Selective download of results

Individual results can be downloaded using the Workflow Result Metadata table, which is generated for each batch. This is particularly useful when the amount of data generated by a workflow execution is so large that it is not practical to download all the results at once.

In the Cloud Job Search table, download the Workflow Result Metadata table for selected jobs by clicking on the Download Metadata button.

In a Workflow Result Metadata table, each workflow output is shown in a separate row. The path to the output in the AWS S3 location is indicated in the column titled "External path", as shown in figure 7.6. When one or more rows in the table are selected, the Find Associated Data button is enabled. Clicking on this button opens a new table, where the external references (not yet downloaded) are listed, as well as any results already downloaded into the Navigation Area.

Image result_not_yet_downloaded
Figure 7.19: The "External path" column in the Workflow Result Metadata table shows the path to the result in AWS S3. After the "Find Associated Data" button is clicked, a Metadata Elements table which lists associated data elements and their locations. Here one element is local, and one is in the cloud.

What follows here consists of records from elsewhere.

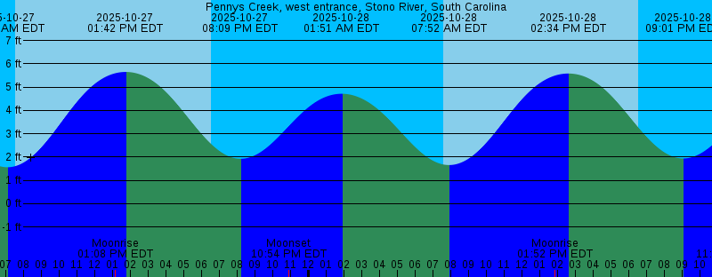 2025-10-27 07:03 AM EDT 1.56 feet Low Tide 2025-10-27 07:34 AM EDT Sunrise 2025-10-27 01:08 PM EDT Moonrise 2025-10-27 01:42 PM EDT 5.65 feet High Tide 2025-10-27 06:33 PM EDT Sunset 2025-10-27 08:09 PM EDT 1.92 feet Low Tide 2025-10-27 10:54 PM EDT Moonset 2025-10-28 01:51 AM EDT 4.72 feet High Tide 2025-10-28 07:34 AM EDT Sunrise 2025-10-28 07:52 AM EDT 1.65 feet Low Tide 2025-10-28 01:52 PM EDT Moonrise 2025-10-28 02:34 PM EDT 5.59 feet High Tide 2025-10-28 06:32 PM EDT Sunset 2025-10-28 09:01 PM EDT 1.94 feet Low Tide 2025-10-28 11:54 PM EDT Moonset 2025-10-29 02:45 AM EDT 4.73 feet High Tide 2025-10-29 07:35 AM EDT Sunrise 2025-10-29 08:49 AM EDT 1.68 feet Low Tide 2025-10-29 12:22 PM EDT First Quarter 2025-10-29 02:30 PM EDT Moonrise 2025-10-29 03:32 PM EDT 5.59 feet High Tide 2025-10-29 06:31 PM EDT Sunset 2025-10-29 09:57 PM EDT 1.79 feet Low Tide 2025-10-30 12:57 AM EDT Moonset 2025-10-30 03:47 AM EDT 4.87 feet High Tide 2025-10-30 07:36 AM EDT Sunrise 2025-10-30 09:54 AM EDT 1.60 feet Low Tide 2025-10-30 03:03 PM EDT Moonrise 2025-10-30 04:32 PM EDT 5.68 feet High Tide 2025-10-30 06:30 PM EDT Sunset 2025-10-30 10:53 PM EDT 1.46 feet Low Tide 2025-10-31 02:01 AM EDT Moonset 2025-10-31 04:50 AM EDT 5.16 feet High Tide |
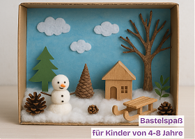 Wir gestalten gemeinsam eine kleine Winterlandschaft in einem Schuhkarton. Mit viel Fantasie, verschiedenen Materialien und kreativen Ideen entstehen ganz persönliche Mini-Winterwelten zum Mitnehmen.
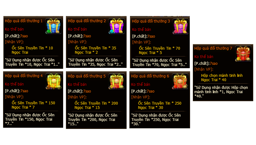 • Thông qua hoạt động Trung Tâm Đổi Quà để Ghép thành các phần thưởng:
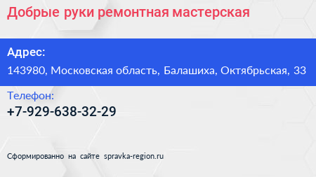 Добрые руки, ремонтная мастерская по адресу 143980, Московская область, Балашиха, Октябрьская, 33 в дальнейшем Организация, размещена в следующих категориях:

To download particular data elements from the cloud, select the desired rows in the Metadata Elements table, and click on the Download button. Data elements downloaded are placed in the subfolder (if any) that was specified by the workflow design for the given output. New folders are created as required. Therefore, we recommend selecting the same folder to store different results for the same workflow. This ensures that the outputs are organized in the same folder structure that they would have been if the workflow had been executed by the CLC Workbench.

When an data element is downloaded, it is automatically associated with the relevant row of the Workflow Result Metadata table, and can be found by clicking on the Find Associated Data button again (figure 7.7). External references will not be removed from the Workflow Result Metadata table by downloading a result. Results can be downloaded this way any number of times.

Image result_already_downloaded
Figure 7.20: When the results have been downloaded, they are automatically associated with the relevant row of the Workflow Result Metadata table, and can be located by pressing the "Find Associated Data" button again.

A connection to the CLC Genomics Cloud Engine is required to find the Workflow Result Metadata table and download it using the Cloud Job Search functionality. However, only the AWS S3 connection is required for downloading results via the Workflow Result Metadata table.

Thus, by saving the Workflow Result Metadata table, you can download the results from AWS S3 at a later point, as long as the data is still available in AWS S3. You do not need a connection to the CLC Genomics Cloud Engine or to use the Cloud Job Search for this activity.

Note: Exported data cannot be downloaded selectively. To download data exported by the workflow, you must use the Download All Results button in the Cloud Job Search tool. See section Downloading all results for further details.